Part Four (Uranium Waste Management)
This part deals with the leaching of uranium using natural and thermal clinoptilolite, in which several factors have been considered included: effect of time, temperature, revolution of speed, mass/volume, and sequential chemical treatment. The results indicated that, under the addition of 25g of thermal clinoptilolite per 500 ml waste-A at 45°C for 45 minutes with 200 rpm, 91 % of U was adsorbed after second step. In case of waste-B, 93% of U was extracted after second step by reaction of 20g with 500ml of the studied waste at 45°C for 45 minutes with 250 rpm, while about 97% of U was recovered from PG at 45°C when 25g was agitated with 500 ml PG ml 200 rpm for 30 minutes after two steps.

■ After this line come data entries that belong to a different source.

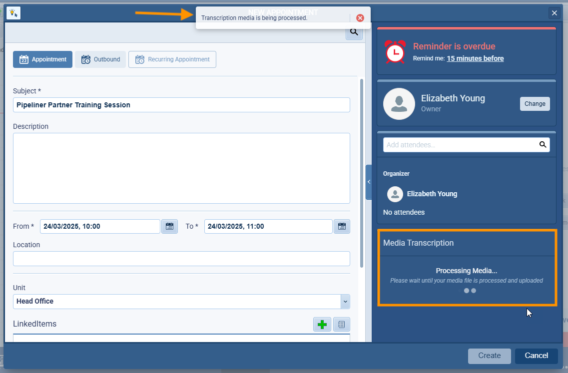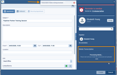 - Intelligent Background Processing: Once the media is uploaded, you can save the Activity and move on to your next task. Pipeliner CRM handles the resource-intensive transcription process in the background, notifying you the moment the finished transcript and analysis are ready.
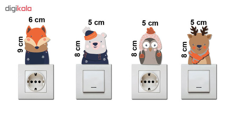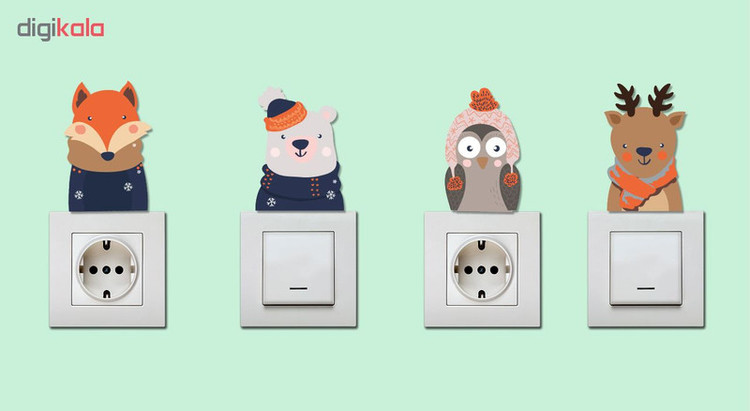 استیکر چوبی کلید و پریز ژیوار طرح حیوانات سری 5 بسته 4 عددی
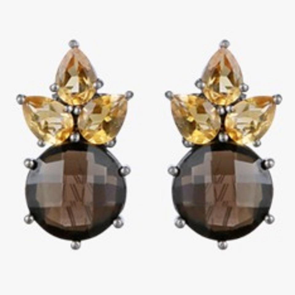 New Arrival Smoky Quartz & Citrine Hydro Gemstone 925 Sterling Silver Round and Pear Shape Earrings

Part Five (Stripping Processes)
This part includes the factors that affect on the stripping process such as; effect of stripper type, shaking time, aqueous/solid ratio, and stage number. The results show that, the best aqueous/solid ratio was 2:1 for the stripping processes and 30 minutes was the best shaking time using 0.5 M of (NH4)2CO3. The stripping percent of 95.8, 87.6, and 78.1% was achieved for waste-A, waste-B, and waste-C respectively after fourth stage.
Part Six (Flow Sheets and Economic Costs)
Finally, the total cost for production of decontaminated product was studied; also the recommenced flow sheets for the overall treatment process and applications were diagrammatically established.